HOMICIDE ATTORNEY IN PHOENIX, AZ

homicide attorney

Phoenix Murder and Homicide Attorney

Homicides are serious offenses with severe consequences. If you have been charged with a homicide offense in Phoenix, whether it is vehicular homicide or another type of murder case, you should contact an experienced Phoenix homicide attorney as soon as possible. Contact Ybarra Maldonado & Alagha Law Group today. After being charged with a violent crime, we have the expertise, abilities, and experience to successfully pursue the best possible outcome for you. Call our Phoenix criminal defense office today at 602-910-4040 or fill out our online intake form.

What Are the Different Types of Homicide?

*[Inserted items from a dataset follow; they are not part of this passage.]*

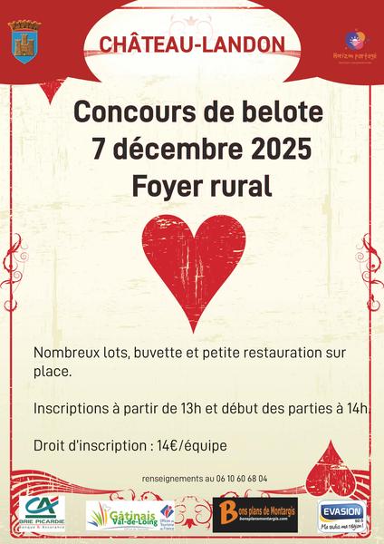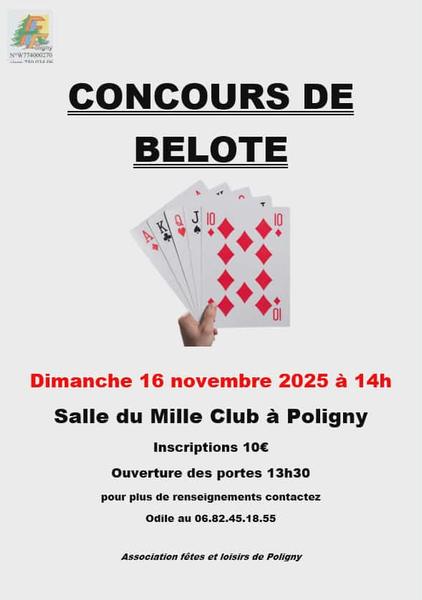 Venez participer à notre concours de belote organisé par notre Association Fêtes et Loisirs de Poligny. Ambiance conviviale, lots à gagner, buvette et petite restauration sur place.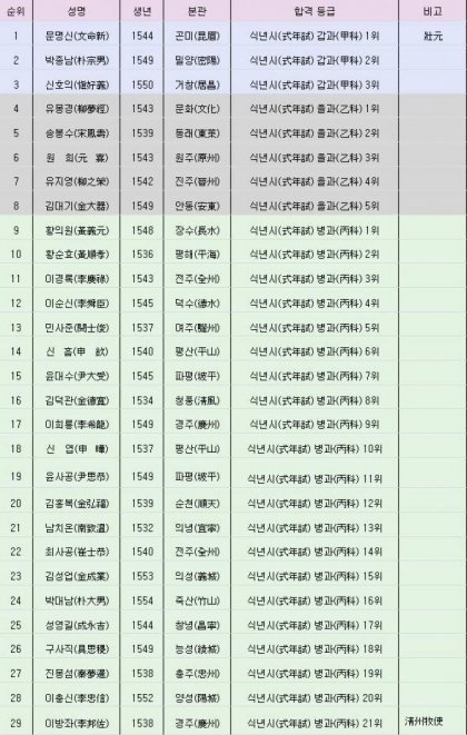 이순신 장군과 함께 1576년에 식년시에 합격한 인원들 중 다른 인물은 잘 모르겠군요...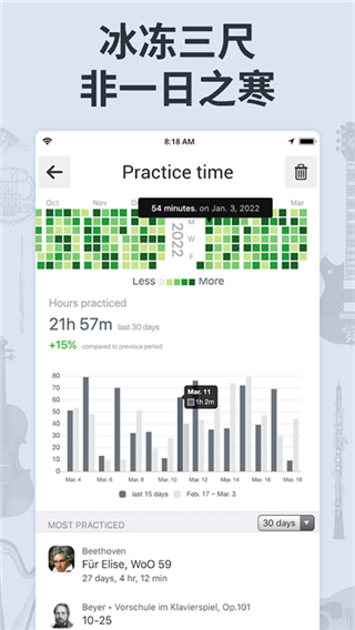 音色方面,该软件提供18种不同的音色选择,方便用户随时进行练习。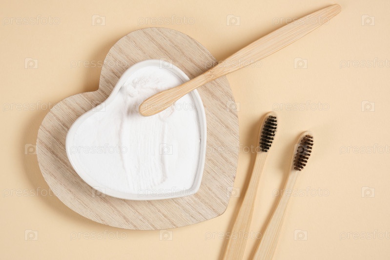 Экологически чистая бамбуковая зубная щетка. бамбуковые зубные щетки и пищевая сода на бежевом фоне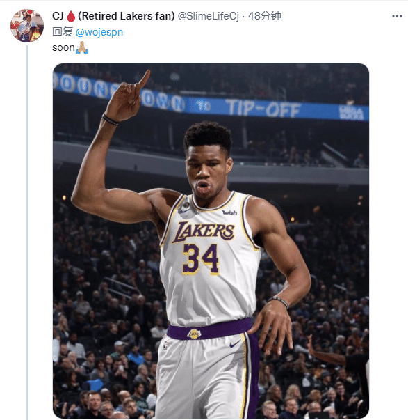 球迷晒神图恶搞字母哥身穿湖人球衣,调侃字母哥即将加盟湖人。

Regardless of the outcome of the charges, homicide involves the taking of a human life. Each state in the U.S. has different types of classifications, but many share similarities. The four most common categories are as follows.
  • Negligent homicide: Negligent homicide is a kind of involuntary manslaughter under Arizona law, which is a lower offense than manslaughter or murder. If you inadvertently cause the death of another person due to criminal carelessness, you may be prosecuted with negligent homicide.
  • Manslaughter: According to Arizona law, manslaughter involves one of the following: recklessly causing the death of another person, intentionally killing someone in the heat of the moment or during a quarrel, or aiding another in committing suicide.
  • Second degree murder: Someone causes the death of another person with the intention of doing so, but without premeditation. A person acts in a way that exhibits a complete disregard for human life, or recklessly participates in behaviors that pose a considerable danger of death, resulting in the death of another person.
  • First degree murder: Someone has the intent to kill or is aware that their actions will result in death. They cause the death of another person or persons as a result of their activities. They planned the killing ahead of time.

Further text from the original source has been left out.